Records from a data collection
--- --- ---
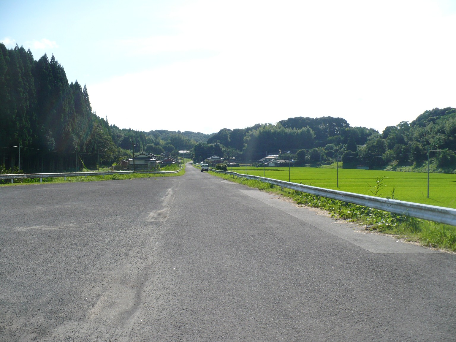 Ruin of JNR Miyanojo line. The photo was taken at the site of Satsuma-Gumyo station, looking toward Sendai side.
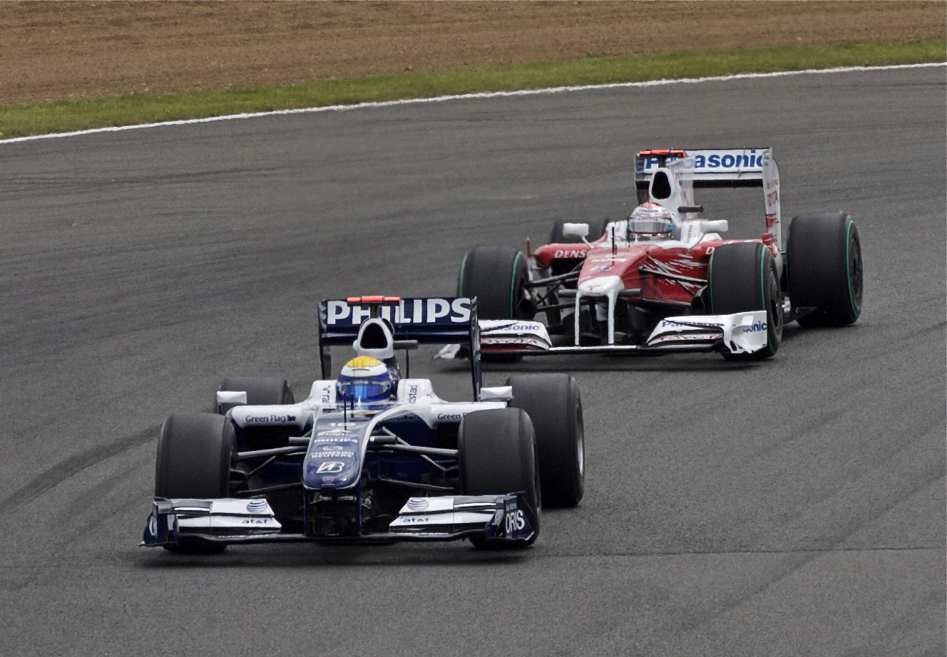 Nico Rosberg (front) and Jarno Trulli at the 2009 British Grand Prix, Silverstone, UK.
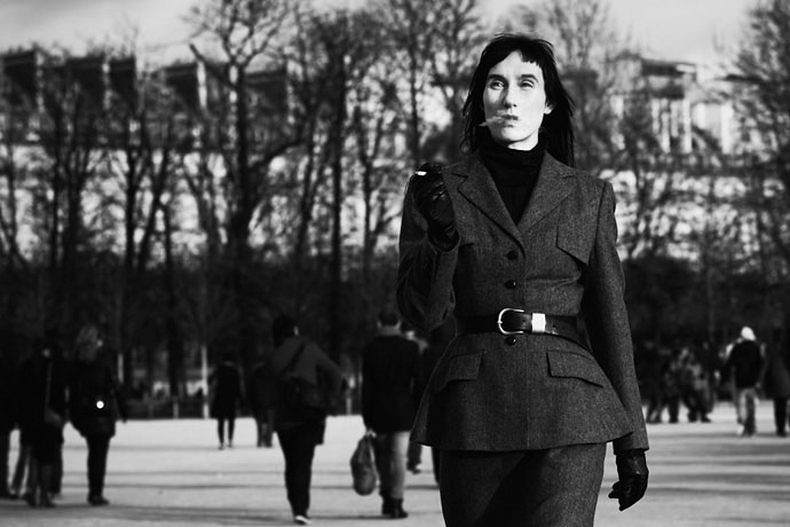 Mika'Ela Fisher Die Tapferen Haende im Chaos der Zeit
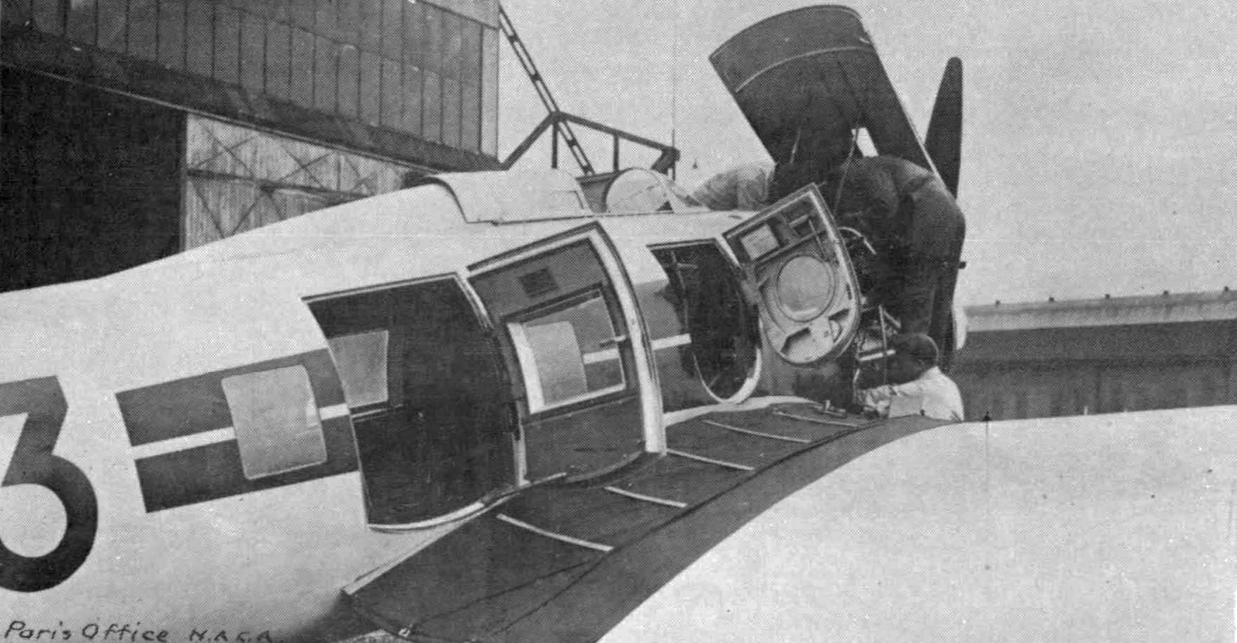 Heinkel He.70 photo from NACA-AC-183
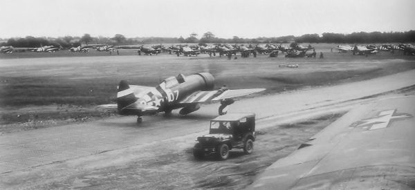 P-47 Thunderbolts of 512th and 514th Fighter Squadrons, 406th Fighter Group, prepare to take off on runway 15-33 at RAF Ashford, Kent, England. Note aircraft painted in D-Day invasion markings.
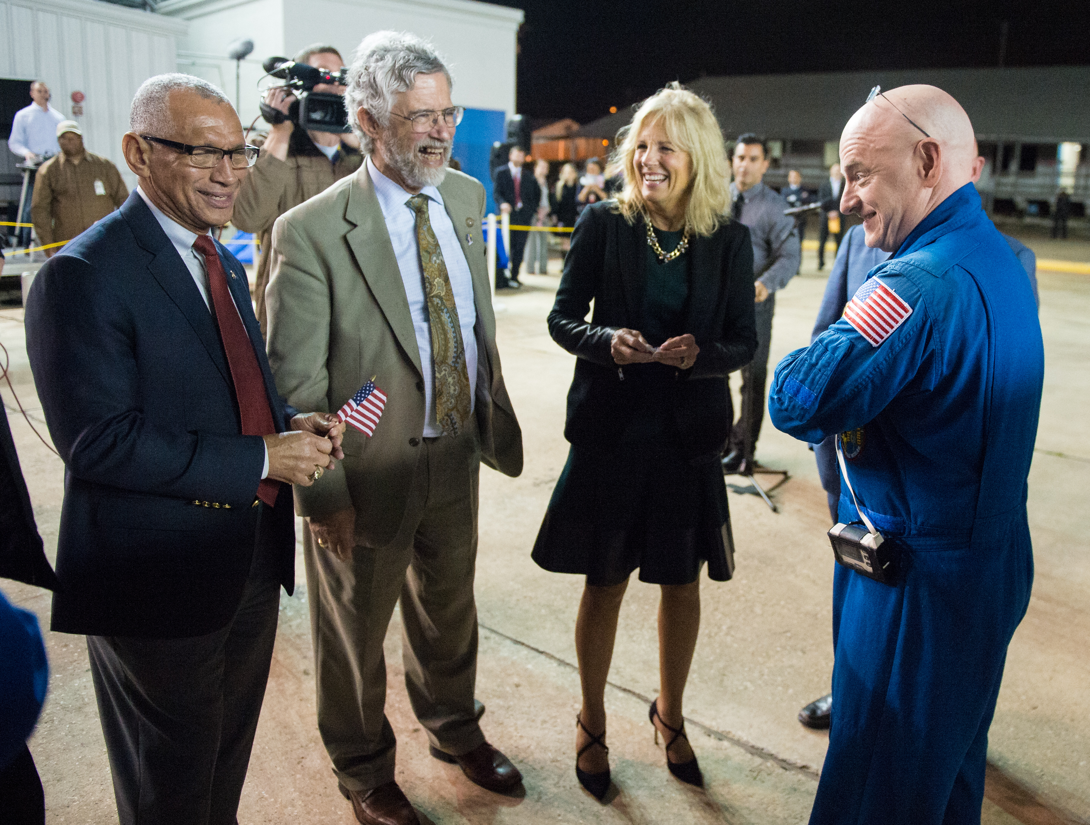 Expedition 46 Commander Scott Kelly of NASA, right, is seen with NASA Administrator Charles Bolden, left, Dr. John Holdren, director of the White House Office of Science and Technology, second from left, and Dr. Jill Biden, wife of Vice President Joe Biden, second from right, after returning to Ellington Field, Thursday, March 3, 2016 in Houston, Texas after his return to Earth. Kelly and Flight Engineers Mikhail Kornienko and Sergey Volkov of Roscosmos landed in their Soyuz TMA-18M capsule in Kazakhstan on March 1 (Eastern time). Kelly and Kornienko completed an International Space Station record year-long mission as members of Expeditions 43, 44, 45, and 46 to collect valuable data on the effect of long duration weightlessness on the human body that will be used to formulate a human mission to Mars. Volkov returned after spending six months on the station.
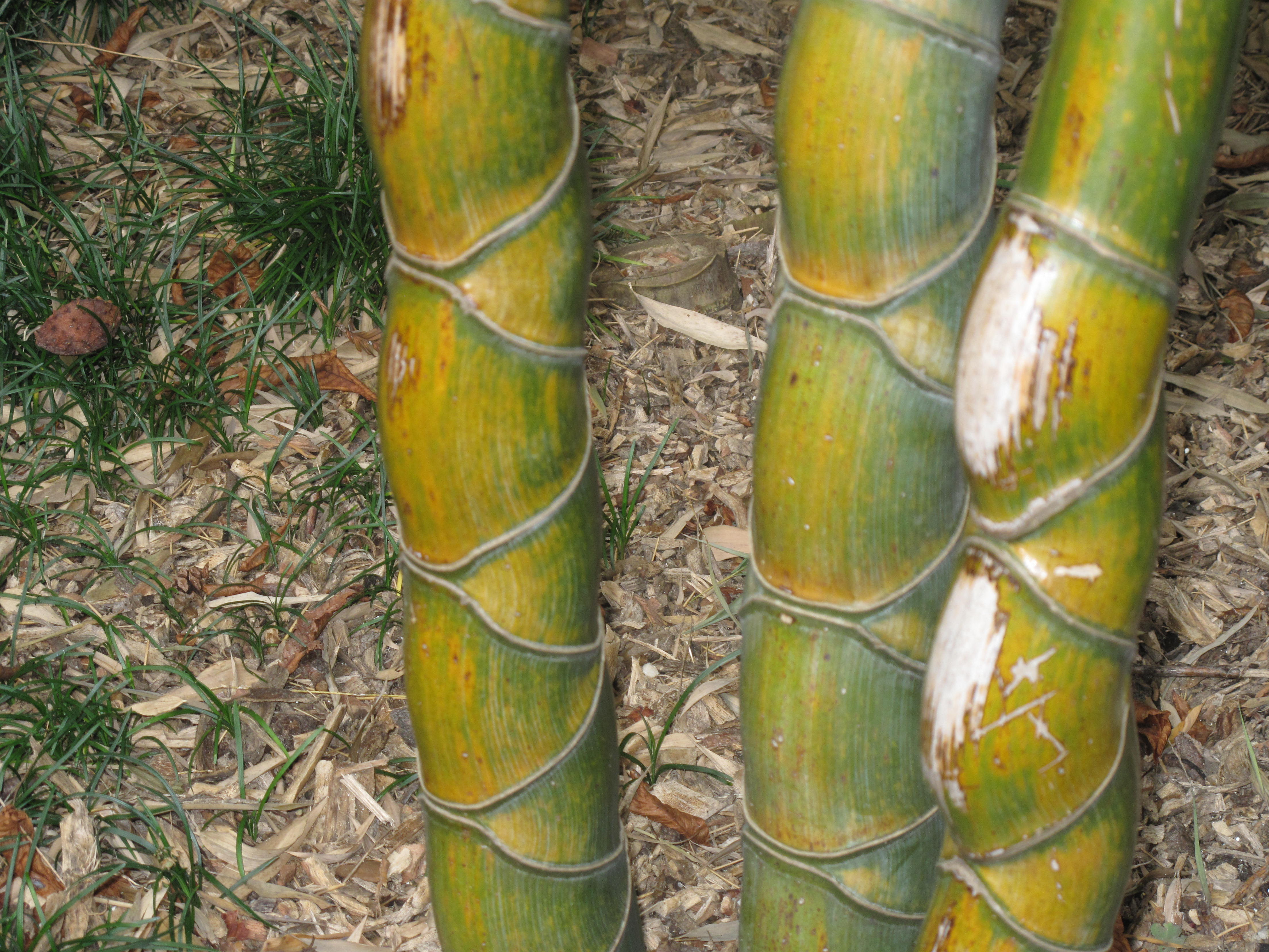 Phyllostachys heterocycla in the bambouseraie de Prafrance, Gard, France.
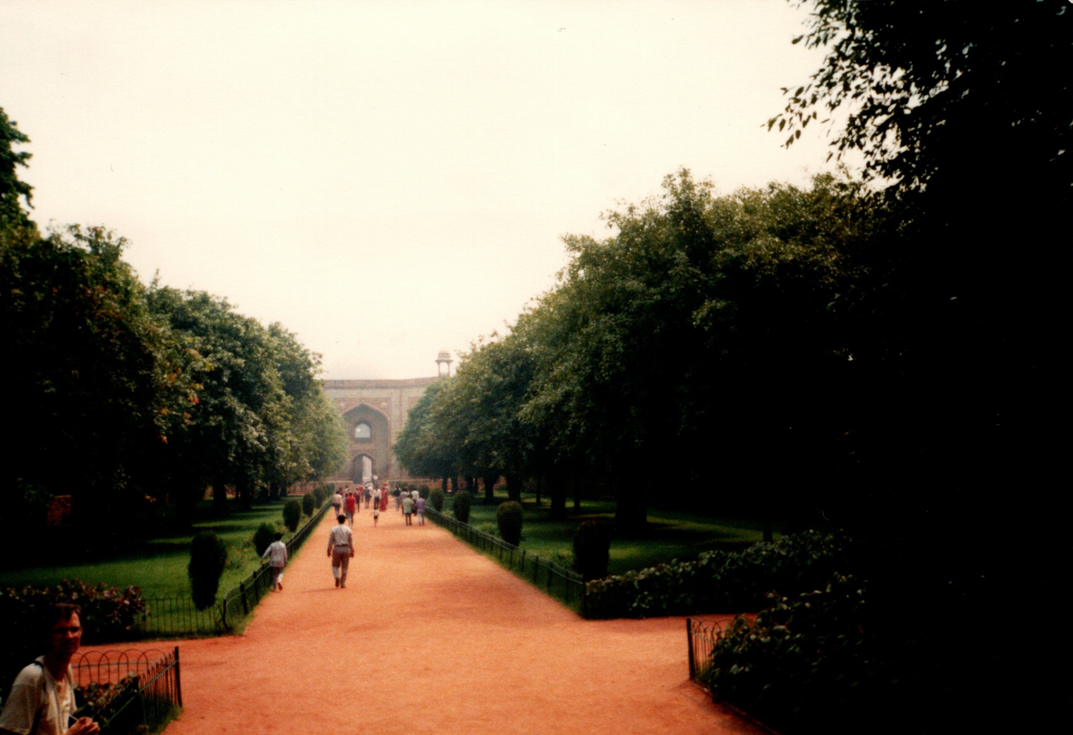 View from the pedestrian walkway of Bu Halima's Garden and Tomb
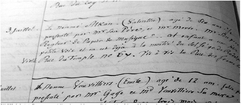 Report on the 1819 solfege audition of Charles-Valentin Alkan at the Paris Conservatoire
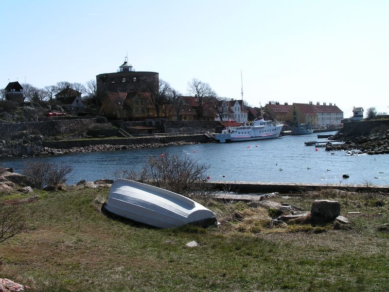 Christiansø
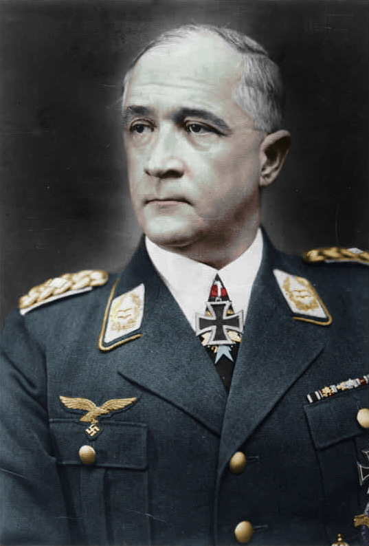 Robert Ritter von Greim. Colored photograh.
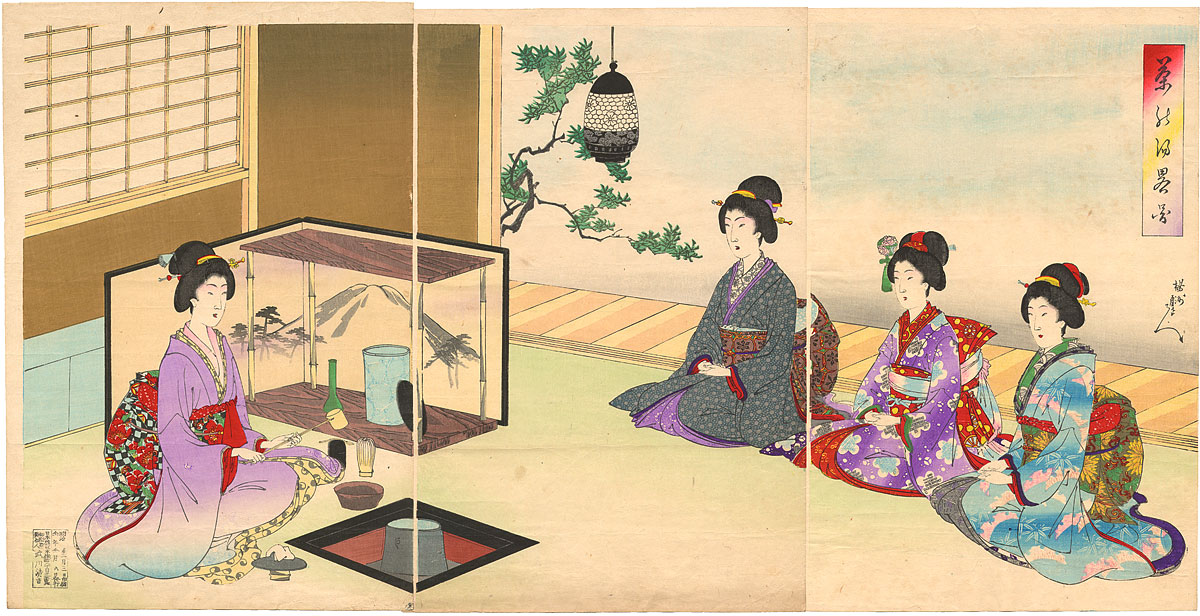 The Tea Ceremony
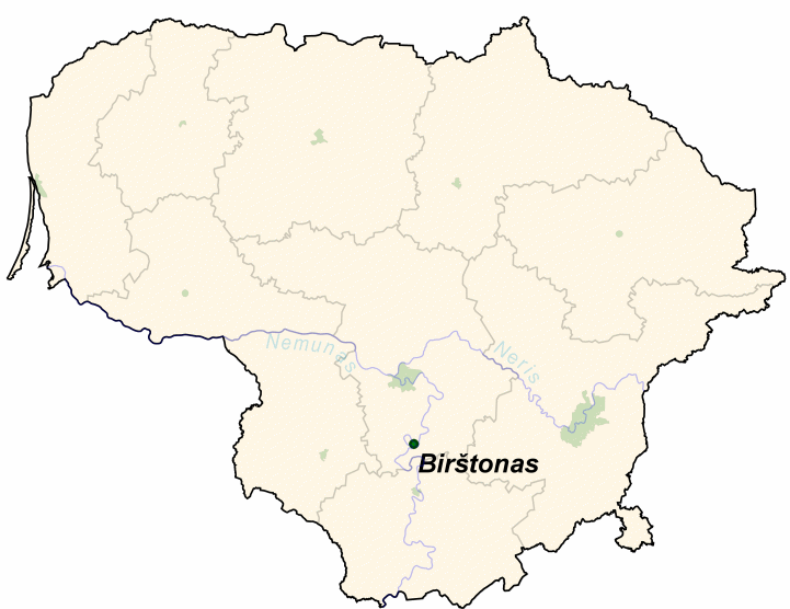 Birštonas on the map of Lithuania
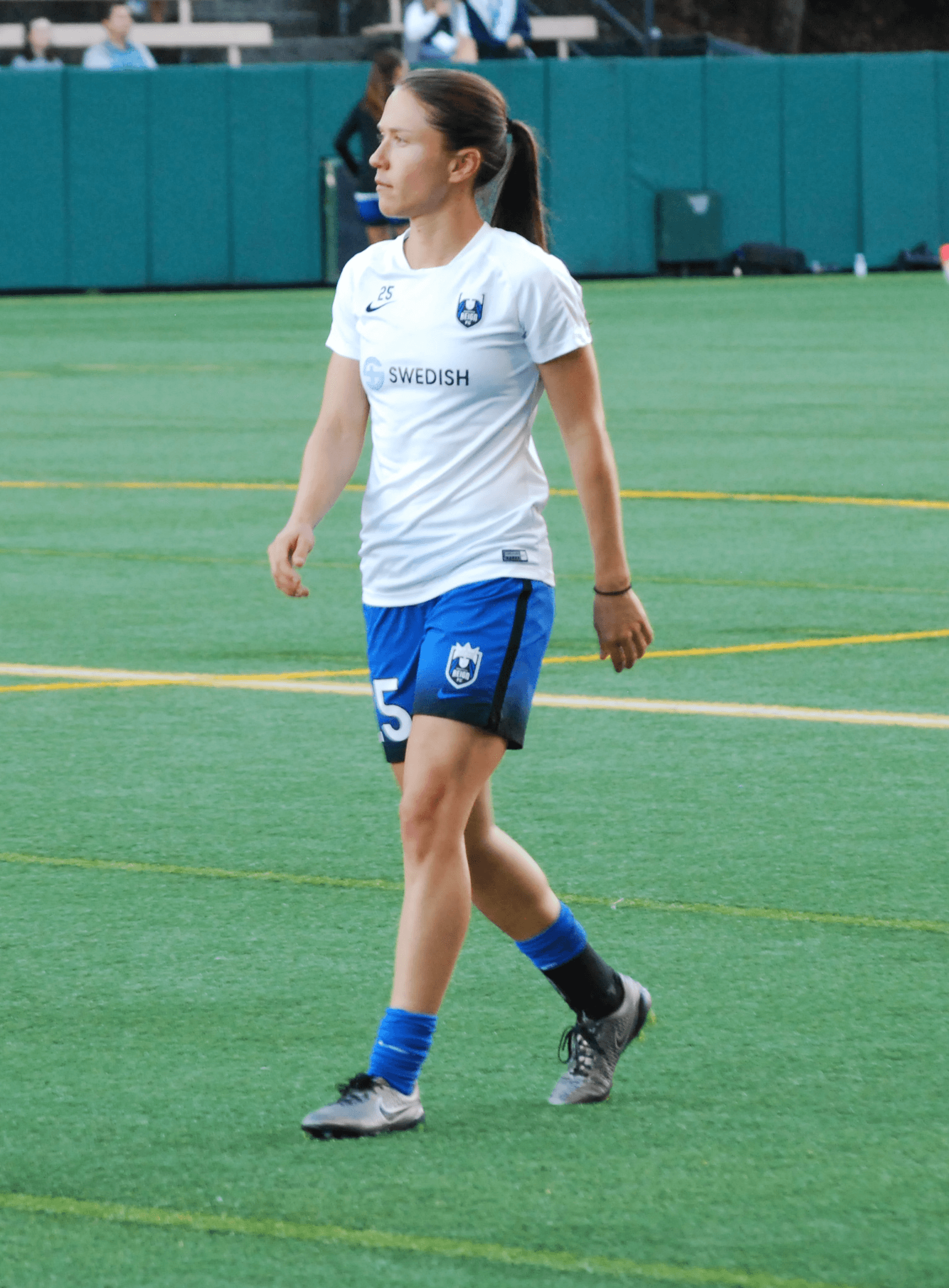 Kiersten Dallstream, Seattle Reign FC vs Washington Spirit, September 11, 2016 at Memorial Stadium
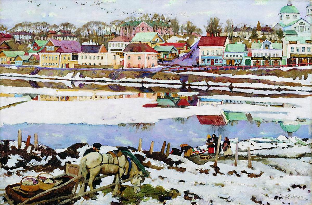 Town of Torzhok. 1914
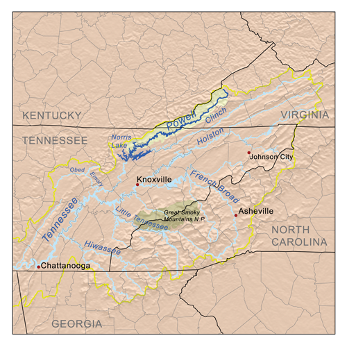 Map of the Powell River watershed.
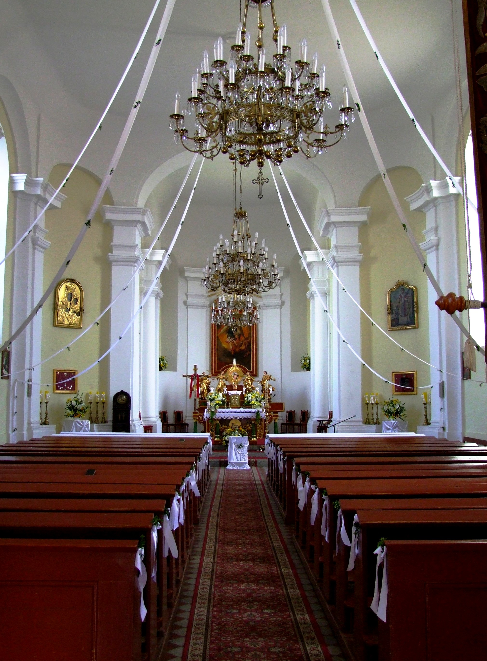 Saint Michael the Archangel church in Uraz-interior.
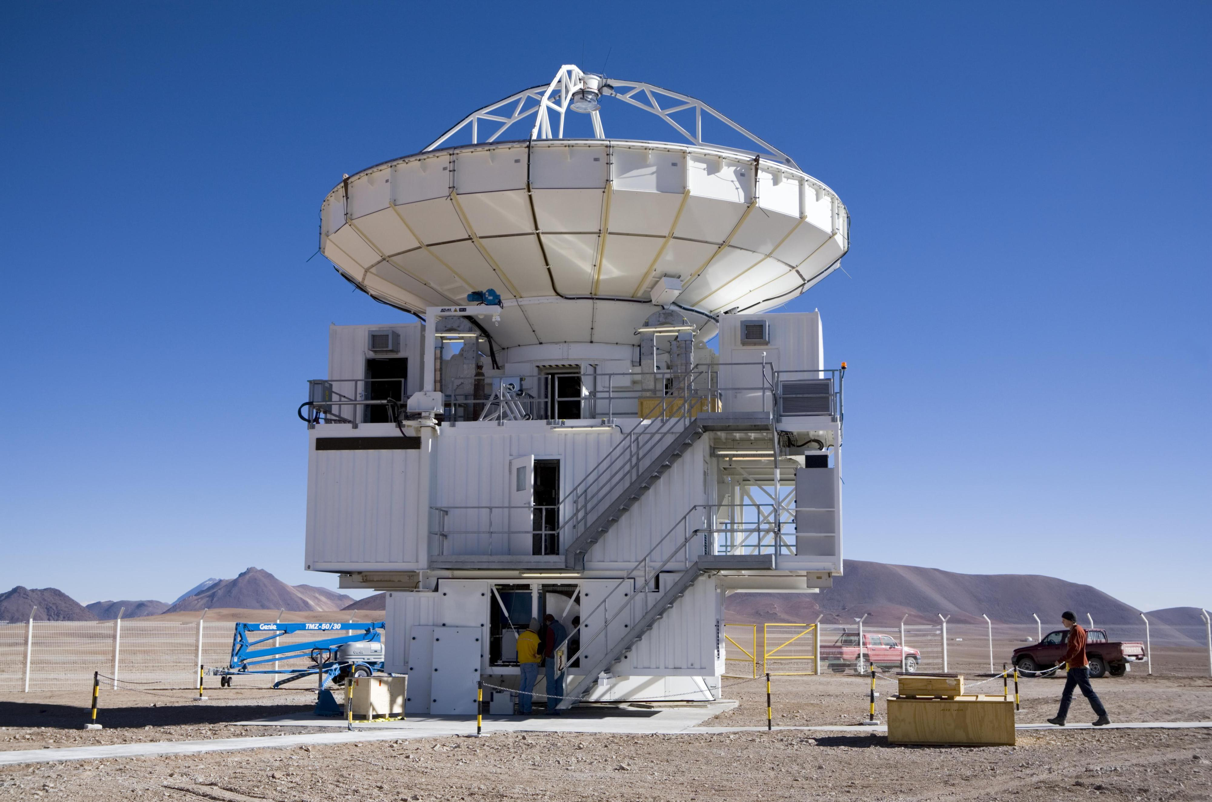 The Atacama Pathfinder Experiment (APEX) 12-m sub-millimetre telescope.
--- --- ---
Task directions
Can you quote exactly, and only, the lines from the one containing "Saint Michael the" through the last line of the records above, keeping both ends and leaving out any pictures?

Output for this task
 Saint Michael the Archangel church in Uraz-interior.
 The Atacama Pathfinder Experiment (APEX) 12-m sub-millimetre telescope.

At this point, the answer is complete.